НА ГРАНИ СВЕТА И ТЬМЫ


Возможен ли идентичный «перевод» с языка, скажем, живописи на язык поэзии и наоборот? Ведь описывать картины практически бесполезно, равно как иллюстрировать поэтическое произведение. Выход, пожалуй, заключается в создании некоего параллельного текста, фиксирующего не столько зрительские впечатления, сколько процесс особого проясненного «видения» взволнованной души.

 

…Так и стоит он (Орфей) на границе света и тьмы, и тьма постепенно пропитывает его, как губку, отчего скоро и он сам «загустеет» тьмою и сольется с ней, став невидимкой. Но пока еще свет золотит его спину, плечо, голени; пока он сам, благодаря не отпускающему его тело сиянию, еще отбрасывает тень – туда, во тьму, где нет даже тени, ибо для нее нужен светоносный источник. Он, Орфей, уже внутренне решился и практически там, в плоскостной тьме, не знающей ни объема, ни формы, но при этом, нельзя сказать, что и бесформенной – просто иной , инородной, гасящей звук и цвет, соединяющей всё со всем.

Но свет цепок и продолжает удерживать, пронизывая, пропитывая собою его замершее тело, и там, внутри этого маленького сгустка плоти, - встречается с тьмою. А тьма, она – проникает , её становится все больше и больше, предельно увеличивается ее концентрация, и тьма – растворяет, гасит собою свет.

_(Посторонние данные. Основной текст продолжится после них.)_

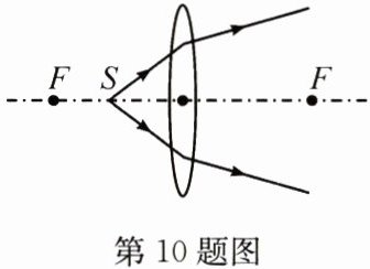 10. 放置在凸透镜主光轴上焦点以内的点光源$S$发出的光通过凸透镜后的光路如图所示。则下列说法中正确的是( )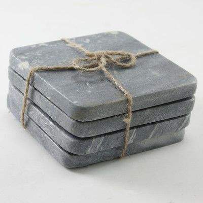Set of 4 Square Glass Coaster in Slate Finish Tabletop Drink Accessories Restaurant Bar Mats And Pads Table Decoration

Эта подвижная грань между тем и этим , теплым и холодным, дышащим и не дышащим, вдруг обнаруживается внутри самого человека. Собственно, он и есть тот, чье краткое существование позволяет свету какое-то мгновение не сливается с тьмой, сиять и лепить объем, создавать иллюзию пространства и возвращать форму тому, что до времени скрывала тьма. Тьма же, по природе своей – безвидна , так же, как безвидно всё, что в ней может быть, а потому оно как бы не существует. Хотя также правильным будет сказать, что всего этого просто нет. Ничего нет, пока сияющий свет не «разжижит» тьму, и ни проступят очертания того, что присутствует в ней, не существуя.

Так две великие сущности и перетекают, сопротивляясь, одна в другую, растворяя или растворяясь, каждая в свой срок. Но при этом всегда тень тьмы, словно воды океана, волнуется у ног хрупкой человеческой фигурки, готовясь накрыть ее целиком.

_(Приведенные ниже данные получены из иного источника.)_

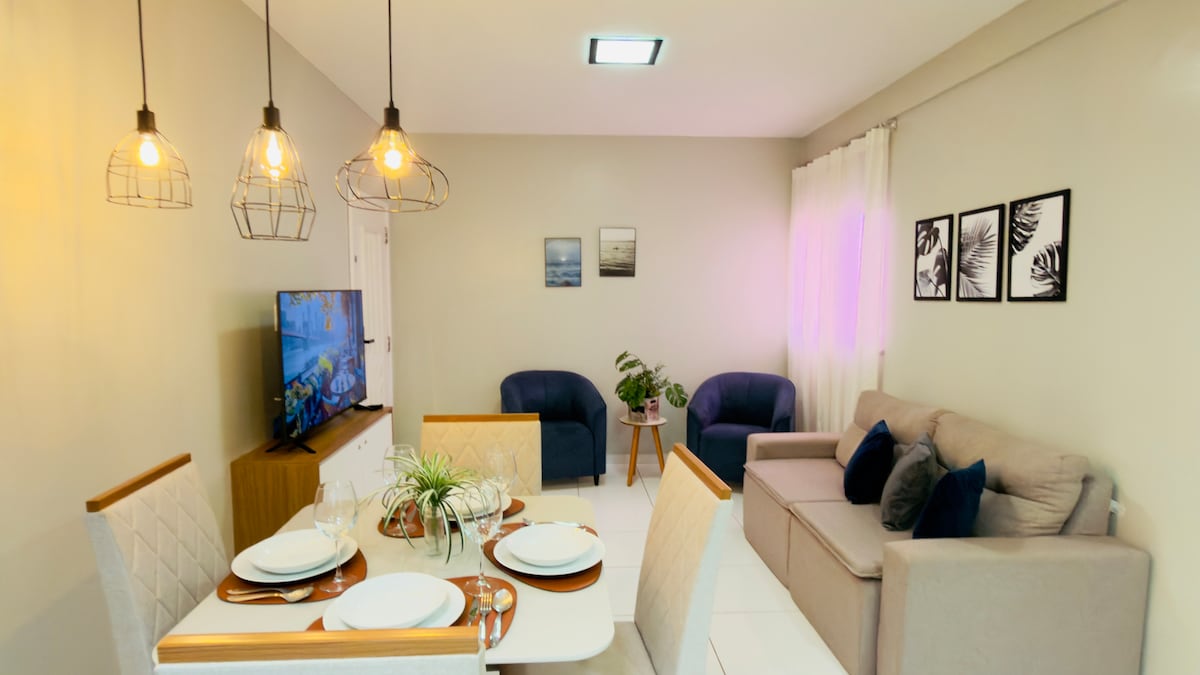 Utočište udobnosti i kulture u srcu Belema Potpuno klimatizovana, šarmantna i sa originalnim dekorom inspirisanim Amazonijom, Casa Felicidade je idealno mjesto za one koji traže mir, stil i autentično lokalno iskustvo. 🏡 Kuća: • 2 udobne spavaće sobe: dvokrevetna + jednokrevetna • 2 kupatila • Potpuno opremljena kuhinja sa modernim aparatima • Prostrana, svijetla i klimatizovana dnevna soba sa 58-inčnim TV-om • Mezanin sa kaučem na razvlačenje, TV od 42 inča i visećom ležaljkom za čitanje ili opuštanje.

Се человек – мгновенный перевес сияния и подвижного тепла над стылой, цепенеющей мглою!

 

В ней, в этой картине Владимира Петровича Паршикова, с условным и одновременно очень точным названием «Орфей», всё - на некой предельной грани. Сюжетный минимализм (обобщенная человеческая фигура, застывшая у той черты, где свет встречается с тьмою); лаконизм выразительных средств (только две плоскости – светлая и темная с ограниченной гаммой цветов – но не оттенков!). И, наконец, - бесхитростная простота идеи, балансирующей на «точке схода» гениальности художественного замысла и полной его банальности: соединить на холсте две антагонистические сущности: свет и тьму ; изобразить нечто невещественное посредством красочного вещества. И получается! Честно говоря, подобный живописный эксперимент не менее «революционен», чем какой-нибудь «Черный квадрат», но, уж точно, не сравнимо более глубок и содержателен.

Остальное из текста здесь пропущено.